Various aquatic creature repellant devices, particularly shark, have been proposed over the years. A large number of these devices appear to rely on the electro-perception of sharks which is performed by the ampullae of Lorenzini in the shark's nose and head. These sensory organs have been shown, for instance, by Dr. Adrianus J. Kalmijn, to be extremely sensitive to electrical fields in sea water. Using fields decreasing to 5 nVcm-1 at distances 24 cm to 30 cm from the field source, Kalmijn was able to stimulate feeding attacks in response to electric fields simulating prey. It should be appreciated that this research was conducted against the background that the human body, especially when the skin is damaged, creates substantially stronger bioelectric fields, which some sharks in the ocean can detect from distances up to at least 1 m. The galvanic fields of metallic objects are usually even stronger, which, according to Kalmijn, would explain much of the aberrant behavious of sharks in the presence of man and underwater gear.
Therefore, shark repulsion maybe achieved by overstressing their natural electro-sensors. The so-called ampullary receptors in sharks' physiology may allow them to sense electromagnetic radiations of preys' heartbeats, for example. Bandwidth of those sensors is within the Extremely Low Frequency range (<300 Hz) of the electromagnetic spectrum.
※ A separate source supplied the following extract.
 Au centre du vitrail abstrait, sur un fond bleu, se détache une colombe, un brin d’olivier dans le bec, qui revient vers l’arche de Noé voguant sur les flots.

U.S. Pat. No. 5,566,643 defines a method and apparatus for controlling aquatic animals, particularly sharks, wherein electrodes are immersed in a body of water and an electric field is created between the electrodes by applying electrical pulses thereto. This patent elaborates about generating a current in salted water, whereas literature makes it clear that ampullary receptors are sensitive to electric fields rather than current flow. This U.S. patent utilizes, among other things, electrodes that are in direct contact with sea water (their device was tested with 1 ohm shunt resistance across electrodes to simulate sea water conditions), which imposes to implement current limiting in the circuitry to minimize current consumption. The apparatus is immersed in water with direct electrical contact with the radiating electrodes. In addition, a current sensor must be used to limit the current, otherwise the supply source would be depleted quickly. Two immersed electrodes with a given voltage gradient, generate a current flow that is a direct path between the electrodes. This occurs because the resistance of the water is of very low impedance and that current seeks for least resistance, hence this is direct path. In addition, U.S. Pat. No. 5,566,643 discloses the use of a fixed pulse frequency, therefore the pulse frequency does not change over time.
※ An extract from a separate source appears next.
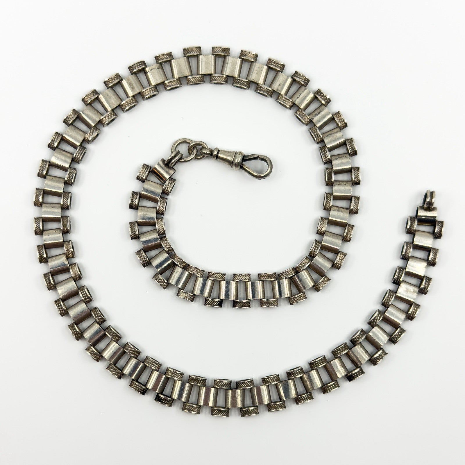 Antique Victorian Sterling Silver Reversible 18.5" Book Chain

The effect of repulsion is actually achieved by creating a pulsed electric field where the pattern meets a shark's receptors bandwidth and respects ionic properties of salted water. Literature suggests that the ampullary receptors have high sensitivity and respond to low frequencies in the 0.1-20 Hz range. As for the ions in salt water, it is disclosed in U.S. Pat. No. 4,211,980 that when an electrical field is created by two electrodes with a voltage gradient, the transient state consists of ions moving towards their respective opposite electrode (positive ions go to cathode and negative ions go to anode). When the system reaches a steady state, all ions stop moving. At this point, there is a barrier that inhibits the initial electric field magnitude. If this state is reached, a voltage gradient between electrodes is not effective.
With further reference to U.S. Pat. Nos. 5,566,643 and 4,211,980, these specifications have limited system considerations such as energy budgeting. In particular, they propose descriptions of transducers without considering the systems in their integrity. The power supply is a black box component and no strategy is proposed to make the apparatus well integrated in an application and convenient to use. In addition, power supply electronics are not described and so critical parameters such as supply autonomy are not addressed. In particular, issues such as how to recharge on-board local source of energy are also not addressed, which, in general, would be very important for the apparatus to sustain operation for long periods of time.
This background information is provided for the purpose of making known information believed by the applicant to be of possible relevance to the present invention. No admission is necessarily intended, nor should be construed, that any of the preceding information constitutes prior art against the present invention.